— TASK TO COMPLETE —
In the entries below, find the line with "Around your tumbler" and the line with "and growth teams."; give again those lines and every line between them, exactly.

— DATASET ENTRIES —
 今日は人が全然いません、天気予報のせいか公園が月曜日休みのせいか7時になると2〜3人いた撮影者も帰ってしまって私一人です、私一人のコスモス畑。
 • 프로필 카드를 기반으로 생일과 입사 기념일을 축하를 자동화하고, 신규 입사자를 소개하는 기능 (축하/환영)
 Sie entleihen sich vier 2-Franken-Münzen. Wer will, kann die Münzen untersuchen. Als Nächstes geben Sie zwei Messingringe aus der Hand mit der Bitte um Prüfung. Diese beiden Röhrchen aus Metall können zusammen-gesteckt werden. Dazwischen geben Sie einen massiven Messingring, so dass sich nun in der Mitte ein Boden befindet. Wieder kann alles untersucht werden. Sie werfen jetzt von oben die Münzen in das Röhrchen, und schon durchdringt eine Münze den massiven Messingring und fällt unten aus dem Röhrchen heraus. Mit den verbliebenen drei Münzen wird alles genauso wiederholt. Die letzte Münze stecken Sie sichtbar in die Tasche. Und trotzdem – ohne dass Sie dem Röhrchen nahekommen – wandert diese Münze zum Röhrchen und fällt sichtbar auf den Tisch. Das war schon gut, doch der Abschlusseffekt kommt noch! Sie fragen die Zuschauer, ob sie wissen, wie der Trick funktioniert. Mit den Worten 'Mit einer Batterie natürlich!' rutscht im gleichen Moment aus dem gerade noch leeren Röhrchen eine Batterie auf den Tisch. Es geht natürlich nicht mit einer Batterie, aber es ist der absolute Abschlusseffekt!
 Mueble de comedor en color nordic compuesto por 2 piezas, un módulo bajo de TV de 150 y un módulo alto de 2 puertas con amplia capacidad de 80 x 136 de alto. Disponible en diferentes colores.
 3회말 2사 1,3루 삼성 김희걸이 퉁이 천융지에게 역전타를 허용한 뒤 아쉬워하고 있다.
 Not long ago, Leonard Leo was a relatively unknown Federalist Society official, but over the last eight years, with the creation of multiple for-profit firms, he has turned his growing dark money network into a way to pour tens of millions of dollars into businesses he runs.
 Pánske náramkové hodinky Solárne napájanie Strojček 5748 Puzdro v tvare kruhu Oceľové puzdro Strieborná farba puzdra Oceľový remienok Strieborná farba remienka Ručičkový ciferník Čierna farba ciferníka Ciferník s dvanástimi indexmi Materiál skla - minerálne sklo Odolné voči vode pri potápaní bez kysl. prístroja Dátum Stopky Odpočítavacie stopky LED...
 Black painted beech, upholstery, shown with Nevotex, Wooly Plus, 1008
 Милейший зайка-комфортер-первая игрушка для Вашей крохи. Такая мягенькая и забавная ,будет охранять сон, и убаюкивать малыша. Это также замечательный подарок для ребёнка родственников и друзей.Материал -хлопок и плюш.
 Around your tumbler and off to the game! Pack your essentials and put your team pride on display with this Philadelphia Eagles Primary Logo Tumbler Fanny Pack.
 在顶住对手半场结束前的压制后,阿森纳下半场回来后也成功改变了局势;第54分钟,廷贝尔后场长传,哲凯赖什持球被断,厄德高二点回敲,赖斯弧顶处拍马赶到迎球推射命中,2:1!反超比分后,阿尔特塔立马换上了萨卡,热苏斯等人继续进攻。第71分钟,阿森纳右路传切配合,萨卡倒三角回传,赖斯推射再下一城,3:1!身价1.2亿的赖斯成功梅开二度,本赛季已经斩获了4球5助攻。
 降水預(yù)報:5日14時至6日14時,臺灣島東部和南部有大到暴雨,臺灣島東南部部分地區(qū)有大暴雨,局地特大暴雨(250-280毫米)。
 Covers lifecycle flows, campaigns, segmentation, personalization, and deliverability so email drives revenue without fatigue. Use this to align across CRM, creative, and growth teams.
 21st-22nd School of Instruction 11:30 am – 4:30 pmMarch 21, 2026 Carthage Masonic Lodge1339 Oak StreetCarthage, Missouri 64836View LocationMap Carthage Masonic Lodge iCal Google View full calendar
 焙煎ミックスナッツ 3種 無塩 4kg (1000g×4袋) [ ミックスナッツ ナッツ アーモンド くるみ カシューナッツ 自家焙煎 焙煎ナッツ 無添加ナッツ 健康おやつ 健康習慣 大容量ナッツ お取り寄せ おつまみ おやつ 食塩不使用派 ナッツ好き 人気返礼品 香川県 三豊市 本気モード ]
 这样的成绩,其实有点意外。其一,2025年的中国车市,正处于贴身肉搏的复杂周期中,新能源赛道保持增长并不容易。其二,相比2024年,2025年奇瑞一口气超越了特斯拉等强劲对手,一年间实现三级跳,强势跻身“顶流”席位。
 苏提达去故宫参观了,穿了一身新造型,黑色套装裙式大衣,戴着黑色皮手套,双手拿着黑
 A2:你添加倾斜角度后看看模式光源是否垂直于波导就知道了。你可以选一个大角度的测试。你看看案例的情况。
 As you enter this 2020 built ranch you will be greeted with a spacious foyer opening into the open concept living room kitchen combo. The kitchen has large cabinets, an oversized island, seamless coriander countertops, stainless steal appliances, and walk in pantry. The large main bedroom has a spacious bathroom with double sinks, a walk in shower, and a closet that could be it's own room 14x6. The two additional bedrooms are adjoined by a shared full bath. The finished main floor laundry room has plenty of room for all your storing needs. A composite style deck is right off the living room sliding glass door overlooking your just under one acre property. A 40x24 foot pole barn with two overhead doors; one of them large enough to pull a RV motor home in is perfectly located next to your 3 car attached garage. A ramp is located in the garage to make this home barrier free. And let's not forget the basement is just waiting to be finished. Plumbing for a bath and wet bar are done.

— ANSWER SPACE —
 Around your tumbler and off to the game! Pack your essentials and put your team pride on display with this Philadelphia Eagles Primary Logo Tumbler Fanny Pack.
 在顶住对手半场结束前的压制后,阿森纳下半场回来后也成功改变了局势;第54分钟,廷贝尔后场长传,哲凯赖什持球被断,厄德高二点回敲,赖斯弧顶处拍马赶到迎球推射命中,2:1!反超比分后,阿尔特塔立马换上了萨卡,热苏斯等人继续进攻。第71分钟,阿森纳右路传切配合,萨卡倒三角回传,赖斯推射再下一城,3:1!身价1.2亿的赖斯成功梅开二度,本赛季已经斩获了4球5助攻。
 降水預(yù)報:5日14時至6日14時,臺灣島東部和南部有大到暴雨,臺灣島東南部部分地區(qū)有大暴雨,局地特大暴雨(250-280毫米)。
 Covers lifecycle flows, campaigns, segmentation, personalization, and deliverability so email drives revenue without fatigue. Use this to align across CRM, creative, and growth teams.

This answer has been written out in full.